As a community, we would like to maximize the amount of extracted MEV that goes towards things that benefit the community. The simplest form of this is having it go towards the miners / validators, as those contribute to the security of the network. As the rewards increase, the network can accommodate more miners/validators.
As we will see, there are even proposals to divert, at the protocol level, the revenue from MEV to directly benefit "public goods".
The main point is that we want MEV extraction to be competitive. The more competitive MEV extraction is, the higher the fraction of their profit searchers will have to bid to win the auction for bundle inclusion. The more searchers they are, the less practical it is for them to collude and keep tips low. For MEV extraction to be competitive, it needs to be as accessible as possible.
A problem with the way MEV is currently extracted is that it relies on a small number of **centralized** relayers. While those (and in particular Flashbots, the largest) seem to be benevolent, they nevertheless are in a position where they could have a significant impact on the network.
I haven't thought much on all possible scenarios here (feel free to contribute), but one particular thing to be worried about is that these relayers are able to effectively push against MEV democratization and competitiveness. They could do this by gatekeeping access and only letting in large established players. They could also help coordinate the searchers around price fixing, for instance by mandating a tip cap in % of transaction proceeds.
Here are a few proposals that have been made to assuage these concerns:
- [Vitalik proposes baking a block-builder market into the protocol.](https://ethresear.ch/t/proposer-block-builder-separation-friendly-fee-market-designs/9725) The goal being to ensure that no one can be prevented from competing on transaction ordering.
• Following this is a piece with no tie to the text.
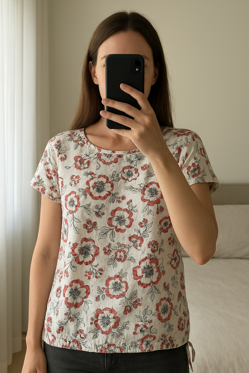 Floral T-shirt standing straight facing the camera, in a softly lit bedroom setting, with gentle natural light filtering through a window.

Note that nothing prevents these block-proposer to auction of the inclusion of transaction bundles in the block they are building.
- [Karl from Optimism proposes including MEV auctions (MEVA) into the protocol](https://ethresear.ch/t/mev-auction-auctioning-transaction-ordering-rights-as-a-solution-to-miner-extractable-value/6788) (same idea as before) but additionally redirecting the proceeds towards a public goods fund. (Note that MEVA is now used mostly for Flashbot-style auctions.)
- [The Flashbots teams proposed MEV-SGX](https://ethresear.ch/t/mev-sgx-a-sealed-bid-mev-auction-design/9677), a decentralized scheme for MEV auction that would leverage SGX secure enclaves to ensure transaction/bundle privacy and permissionlessness (anyone can participate and nobody is kept out). Of all the proposal, this is the most concrete/detailed, and the Flashbots teams is working on it. It is not a core-protocol-level solution.
## Conclusion
So, this was quite a bit of text. Besides brushing up on MEV basics, here's what I hope to have accomplished:
- Made the point that sandwich attacks are the worst kind of commonly occurring MEV.
- Shown that there are many ways to mitigate against sandwich attacks today. Those might not necessarily be long-term stable, but it shows that the urgency of the problem might have been overstated.
- Proposed using a prioritized list of transaction along with a shuffled list of transactions as one idea on how to mitigate sandwich attacks.
- Shown that this scheme can never truly avoid all sandwich attacks, although it effectively bounds the number of sandwich attacks per block, and make those attacks much more costly.
- Proposed using threshold encryption under PoS as one way to mitigate sandwich attacks
- Here the concern is that of feasibility, given my relative ignorance of the details of PoS and threshold cryptography. Input greatly appreciated.
- Go check Marcellus' post for a similar idea with a bit more details: [MEV mitigation protocol based on SSS](https://ethresear.ch/t/mev-mitigation-protocol-based-on-sss/10292)
- Made the point that MEV democratization and minimization efforts are orthogonal.
All your thoughts, remarks & feedbacks are welcome.